#### ACTION ITEM:
In your copy, leave out the pictures; write out all the data exactly.

#### MATERIAL SUPPLIED:
· · · · · · ·
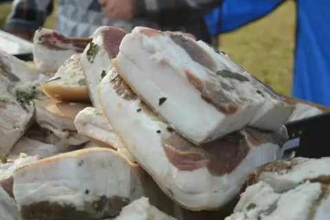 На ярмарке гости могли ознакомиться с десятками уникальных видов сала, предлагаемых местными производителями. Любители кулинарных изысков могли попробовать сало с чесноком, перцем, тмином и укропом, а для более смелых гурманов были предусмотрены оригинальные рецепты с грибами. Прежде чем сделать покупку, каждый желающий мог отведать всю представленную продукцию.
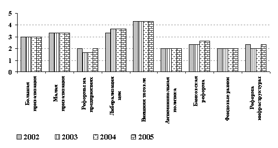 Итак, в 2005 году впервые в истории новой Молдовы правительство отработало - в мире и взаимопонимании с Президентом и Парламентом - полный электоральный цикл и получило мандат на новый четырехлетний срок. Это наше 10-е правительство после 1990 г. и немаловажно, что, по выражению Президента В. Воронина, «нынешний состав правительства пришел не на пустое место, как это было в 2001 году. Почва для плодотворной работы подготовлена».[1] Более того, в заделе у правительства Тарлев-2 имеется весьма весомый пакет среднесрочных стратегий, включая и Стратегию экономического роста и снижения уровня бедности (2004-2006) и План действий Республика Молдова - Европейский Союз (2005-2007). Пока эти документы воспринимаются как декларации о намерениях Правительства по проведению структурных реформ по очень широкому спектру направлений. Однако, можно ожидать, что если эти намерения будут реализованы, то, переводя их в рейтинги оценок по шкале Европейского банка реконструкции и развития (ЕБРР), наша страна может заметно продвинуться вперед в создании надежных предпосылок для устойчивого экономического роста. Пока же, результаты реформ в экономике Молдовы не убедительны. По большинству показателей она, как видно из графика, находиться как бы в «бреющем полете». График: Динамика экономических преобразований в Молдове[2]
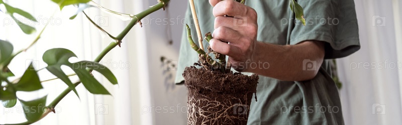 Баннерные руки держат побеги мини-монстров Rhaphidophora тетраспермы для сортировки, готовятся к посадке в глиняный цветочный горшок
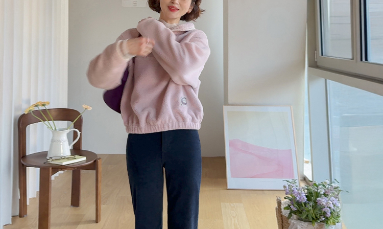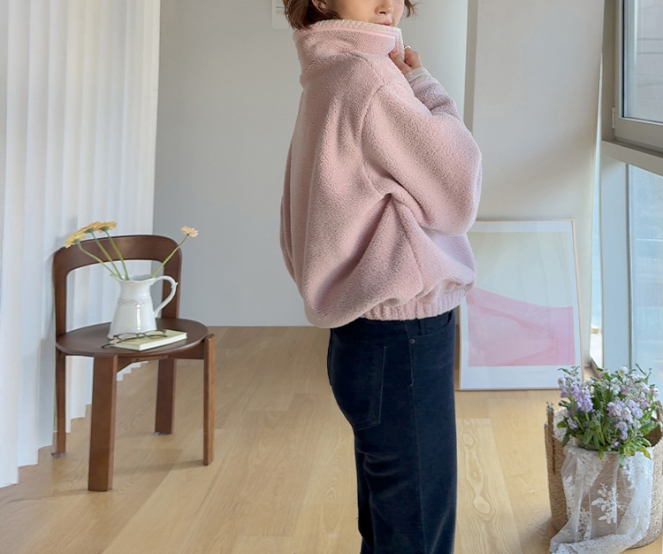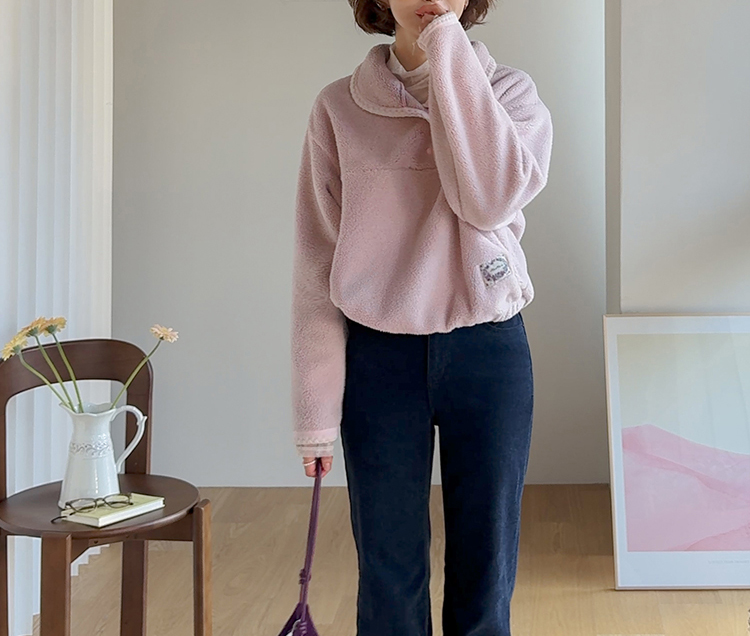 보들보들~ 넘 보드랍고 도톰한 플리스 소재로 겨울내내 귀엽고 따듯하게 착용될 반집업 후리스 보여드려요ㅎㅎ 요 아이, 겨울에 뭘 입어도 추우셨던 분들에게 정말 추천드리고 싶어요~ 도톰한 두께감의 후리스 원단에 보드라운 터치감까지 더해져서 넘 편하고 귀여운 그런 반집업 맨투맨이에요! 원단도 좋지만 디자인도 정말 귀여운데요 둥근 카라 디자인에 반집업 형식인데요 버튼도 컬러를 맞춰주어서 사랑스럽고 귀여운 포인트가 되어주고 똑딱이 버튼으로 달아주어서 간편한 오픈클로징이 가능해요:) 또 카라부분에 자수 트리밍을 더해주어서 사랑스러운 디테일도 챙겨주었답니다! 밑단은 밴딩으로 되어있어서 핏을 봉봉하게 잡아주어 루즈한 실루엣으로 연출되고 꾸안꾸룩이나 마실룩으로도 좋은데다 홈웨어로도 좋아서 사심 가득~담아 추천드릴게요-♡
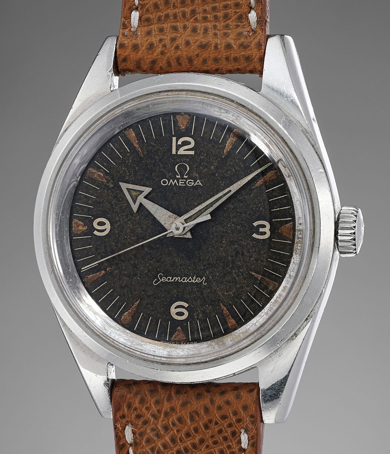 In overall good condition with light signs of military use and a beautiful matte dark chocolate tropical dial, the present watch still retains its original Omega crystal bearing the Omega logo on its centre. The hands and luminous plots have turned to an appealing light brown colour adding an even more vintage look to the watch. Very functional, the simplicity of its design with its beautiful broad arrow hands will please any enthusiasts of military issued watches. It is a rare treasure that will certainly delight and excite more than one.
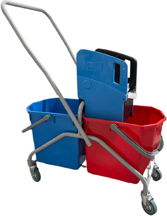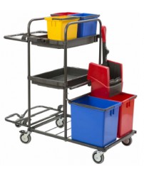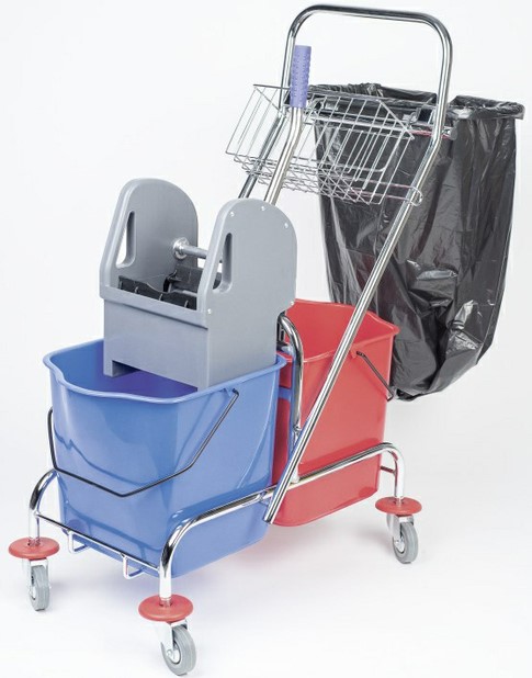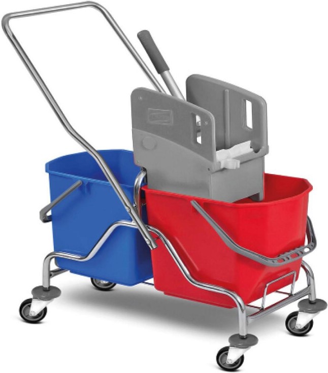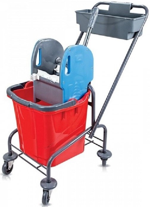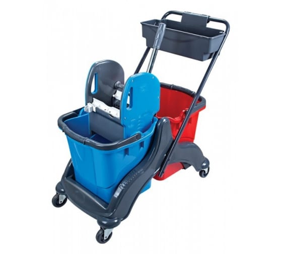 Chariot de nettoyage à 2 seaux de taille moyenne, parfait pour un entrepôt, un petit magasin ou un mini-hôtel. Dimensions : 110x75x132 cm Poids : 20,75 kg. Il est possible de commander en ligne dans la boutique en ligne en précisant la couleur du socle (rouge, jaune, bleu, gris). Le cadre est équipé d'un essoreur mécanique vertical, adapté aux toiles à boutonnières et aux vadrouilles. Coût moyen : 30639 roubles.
· · · · · · ·
#### YOUR SOLUTION:
 На ярмарке гости могли ознакомиться с десятками уникальных видов сала, предлагаемых местными производителями. Любители кулинарных изысков могли попробовать сало с чесноком, перцем, тмином и укропом, а для более смелых гурманов были предусмотрены оригинальные рецепты с грибами. Прежде чем сделать покупку, каждый желающий мог отведать всю представленную продукцию.
 Итак, в 2005 году впервые в истории новой Молдовы правительство отработало - в мире и взаимопонимании с Президентом и Парламентом - полный электоральный цикл и получило мандат на новый четырехлетний срок. Это наше 10-е правительство после 1990 г. и немаловажно, что, по выражению Президента В. Воронина, «нынешний состав правительства пришел не на пустое место, как это было в 2001 году. Почва для плодотворной работы подготовлена».[1] Более того, в заделе у правительства Тарлев-2 имеется весьма весомый пакет среднесрочных стратегий, включая и Стратегию экономического роста и снижения уровня бедности (2004-2006) и План действий Республика Молдова - Европейский Союз (2005-2007). Пока эти документы воспринимаются как декларации о намерениях Правительства по проведению структурных реформ по очень широкому спектру направлений. Однако, можно ожидать, что если эти намерения будут реализованы, то, переводя их в рейтинги оценок по шкале Европейского банка реконструкции и развития (ЕБРР), наша страна может заметно продвинуться вперед в создании надежных предпосылок для устойчивого экономического роста. Пока же, результаты реформ в экономике Молдовы не убедительны. По большинству показателей она, как видно из графика, находиться как бы в «бреющем полете». График: Динамика экономических преобразований в Молдове[2]
 Баннерные руки держат побеги мини-монстров Rhaphidophora тетраспермы для сортировки, готовятся к посадке в глиняный цветочный горшок
 보들보들~ 넘 보드랍고 도톰한 플리스 소재로 겨울내내 귀엽고 따듯하게 착용될 반집업 후리스 보여드려요ㅎㅎ 요 아이, 겨울에 뭘 입어도 추우셨던 분들에게 정말 추천드리고 싶어요~ 도톰한 두께감의 후리스 원단에 보드라운 터치감까지 더해져서 넘 편하고 귀여운 그런 반집업 맨투맨이에요! 원단도 좋지만 디자인도 정말 귀여운데요 둥근 카라 디자인에 반집업 형식인데요 버튼도 컬러를 맞춰주어서 사랑스럽고 귀여운 포인트가 되어주고 똑딱이 버튼으로 달아주어서 간편한 오픈클로징이 가능해요:) 또 카라부분에 자수 트리밍을 더해주어서 사랑스러운 디테일도 챙겨주었답니다! 밑단은 밴딩으로 되어있어서 핏을 봉봉하게 잡아주어 루즈한 실루엣으로 연출되고 꾸안꾸룩이나 마실룩으로도 좋은데다 홈웨어로도 좋아서 사심 가득~담아 추천드릴게요-♡
 In overall good condition with light signs of military use and a beautiful matte dark chocolate tropical dial, the present watch still retains its original Omega crystal bearing the Omega logo on its centre. The hands and luminous plots have turned to an appealing light brown colour adding an even more vintage look to the watch. Very functional, the simplicity of its design with its beautiful broad arrow hands will please any enthusiasts of military issued watches. It is a rare treasure that will certainly delight and excite more than one.
 Chariot de nettoyage à 2 seaux de taille moyenne, parfait pour un entrepôt, un petit magasin ou un mini-hôtel. Dimensions : 110x75x132 cm Poids : 20,75 kg. Il est possible de commander en ligne dans la boutique en ligne en précisant la couleur du socle (rouge, jaune, bleu, gris). Le cadre est équipé d'un essoreur mécanique vertical, adapté aux toiles à boutonnières et aux vadrouilles. Coût moyen : 30639 roubles.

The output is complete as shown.